# RockSplicer



## KennMacMoragh (Sep 16, 2008)

Does anyone use these? They seem like a great idea, but I've never seen them used.


----------



## Big Shoe (Jun 16, 2008)

Nobody I know uses any of those systems. I've done that same thing years ago when making repairs on ceilings with bad trusses.

If I'd been think'n I would have put a patent on that and been a kazillionaire by now.:w00t:


----------



## Greg Di (Mar 12, 2005)

www.butttaper.com

You just need the tool on the truck.


----------



## KennMacMoragh (Sep 16, 2008)

Cool tool. I don't think they have a patent on the RockSplicer do they? Seems too obvious of a thing for a patent. 

I brought this up because I saw Myron Ferguson use these at his show. He claims they cut down on the mud and tape labor because you don't get a bulge in the seams caused from butting over studs or joists. He says if someone hung all the drywall without using these and wanted him to mud and tape over it, then he would add more to his price per square foot on his bid.

Another advantage I was thinking of, would be on remodels. Whenever you have to tear out a section of drywall that has to be replaced later. Typically you bang a hole in the wall, stick your tape in to find the closest stud, locate the center of it, put your level on the wall and scribe a plumb line, then cut out with your sawzall. Then the new drywall splits on your existing stud. The problem with that is, sometimes the stud isn't plumb, so your cut ends up being off which causes problems. And when you cut, you end up cutting through a bunch of screws holding on the old sheet, which is a pain. 
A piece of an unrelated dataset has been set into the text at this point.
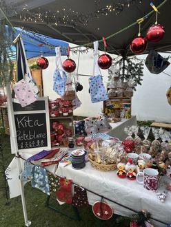 Wie im vergangenen Jahr gab es von der Kita Pusteblume Neesbach einen Stand, an dem die Kolleg*innen, die in der Kita selbst hergestellten Sachen, wie: Glühweinaufstrich, Kürbis,- und Apfelaufstrich, sowie Kräutersalze, Schokocrossies, „Handtaschengedöns-Schachteln“ für die Handtasche, Leder Elefantenanhänger, selbst gestaltete Christbaumkugeln …uvm., auf Spendenbasis angeboten haben.
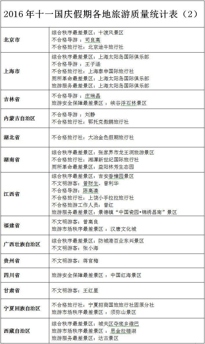 中新網10月9日電 據國家旅游局網站消息,2016年國慶假日落幕,七天長假,5.93億人次出游,無重大糾紛事件,無重特大安全事故報告。9日,國家旅游局發布十一假日旅游“紅黑榜”,集中表揚一批最佳景區、優秀旅行社、優秀導游、優秀旅游工作人員和文明游客,同時也對假日期間廁所革命滯后、環境臟亂、管理混亂、服務惡劣的旅游經營單位和從業人員以及不文明游客進行了曝光。

But if you used these RockSplicers, you can cut the old sheetrock between the studs instead of right on them. It seems to me you would save a lot of time, and you would help eliminate the bulge caused by splicing on a stud. Which would save on some mudding, it should give you a straighter wall too.


----------



## TimelessQuality (Sep 23, 2007)

I tried my own homemade ones on my last job... I like them:thumbup:

Less cuts and less waste on the rock... very flat wall


----------



## KennMacMoragh (Sep 16, 2008)

I thought of using some homemade ones too, buy a sheet of OSB and rip it down into strips. But you wouldn't have the thick edges like the RockSplicers do, that's what sucks in the seams giving you room for mud and tape. Plus part of the idea is you save time, you probably wouldn't be saving time if you had to make them yourself.


----------